Mina the Hollower

A superb retro action adventure where burrowing, build variety, and dense secrets make the old-school punishment worth pushing through.

platform:
PC
published:
Jun 18, 2026

Review brief

Mina the Hollower cover
Recommendation: Great

Completion

Completion tiers

Main Story

Complete
Time
24 hours
Difficulty
Hard
genres
action-adventure / top-down / souls-like
release
2026

Highlights & caveats

Review highlights and caveats

  • Standout

    Burrowing does everything

    Mina's signature move works as dodge, jump, secret finder, and routing tool without feeling overloaded.

    Movement
  • Standout

    Combat has real build range

    Different weapons, sidearms, and trinkets create varied approaches instead of one obvious loadout.

    Combat
  • Standout

    Secrets keep paying off

    Shortcuts, hidden rooms, and suspicious edges make almost every detour feel worth checking.

    Exploration
  • Strong

    Gothic style lands

    The Game Boy Color look, strange characters, and chiptune music give the world a strong identity.

    Atmosphere
  • Strong

    Replay hooks are generous

    Modifiers and New Game+ changes make a second pass tempting, even before fully exploring them.

    Replay Value
  • Mixed

    Early hours bite hard

    Before upgrades and loadout comfort, regular enemies can punish sloppy movement quickly.

    Difficulty Curve
  • Mixed

    Failure taxes curiosity

    Dropped currency and runbacks add tension, but they can make risky exploration feel expensive.

    Runbacks

Quick take

Mina the Hollower is a gothic top-down action adventure that looks old on purpose and plays sharper than nostalgia.

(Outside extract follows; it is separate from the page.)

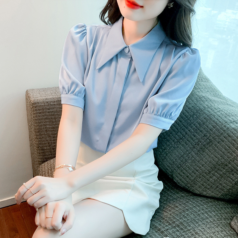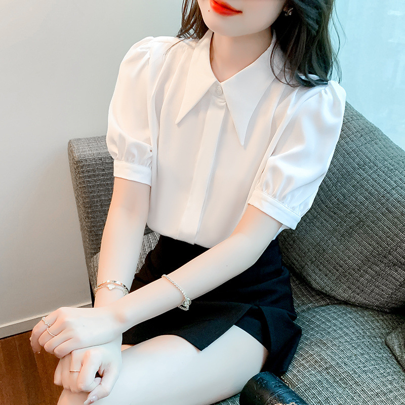 여름 흰색 셔츠 여성 반팔 2025 여름 새로운 스타일 다목적 쉬폰 셔츠 여성 슬리밍 탑스토어 가기
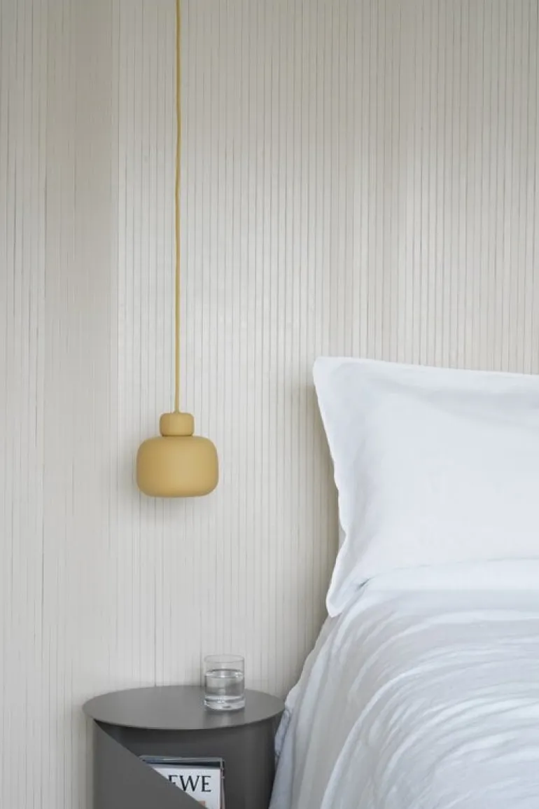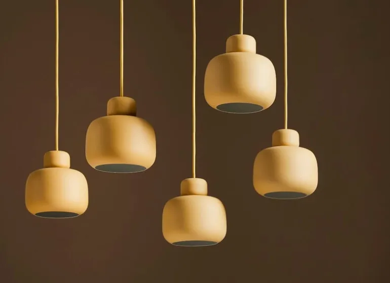 Wouds pendellampa Stone efterliknar de runda konturerna som stenar får på stranden när de utsätts för vind, vatten och sand. Lampan, i design av Philip Bro Ludvigsen, liknar stenar som staplats på varandra som ett landmärke. Pendellampan Stone är en svävande skulptur i mattmålad metall, perfekt för att lysa upp en matsal.

It borrows the shape of a Game Boy Color classic, adds modern combat pressure, then builds almost everything around one excellent burrow move.

What works

Burrowing is the reason the whole game holds together. It is a dodge, a jump, a secret finder, and a way to thread through hazards. The move has just enough vulnerability to make timing matter, but enough utility that every new room can ask a slightly different question.

Combat is stronger than the throwback presentation suggests. Weapons, sidearms, and trinkets give loadouts real personality, so changing gear can alter how you approach enemies instead of only changing numbers. Bosses and tougher rooms reward that experimentation because positioning, recovery windows, and escape routes all matter.

Exploration has the same density. Screens loop back through shortcuts, suspicious walls, hidden rooms, and upgrade paths that keep detours productive. The gothic setting helps too. The limited-color look, strange little characters, and energetic chiptune score make the world feel specific rather than merely retro.

There is also a lot of game beyond a first clear. Modifiers and New Game+ changes point toward meaningful replay value, even if I have not dug into those systems deeply yet. They make the game feel built for players who want to tune the challenge or come back with different constraints.

Where it slips

The early game is harsh. Before Mina has enough upgrades and before the burrow timing settles into muscle memory, regular enemies can carve through health fast. That pressure does make mastery satisfying, but it can make the opening hours feel stingier than the game eventually becomes.

The corpse-run structure is also a mixed fit for exploration. Dropping currency gives danger weight, and tense return trips can be exciting. It also means a risky side path sometimes feels more expensive than curious.

Who it's for

Play it if you want a tough action adventure with dense secrets, strong combat, and a central movement idea that keeps finding new uses. Experiment with weapons and trinkets instead of forcing one setup, and give the opening time to settle before judging the difficulty. If dropped currency, hard early fights, or old-school friction already sound exhausting, the craft will still be obvious, but the punishment may be the part you remember.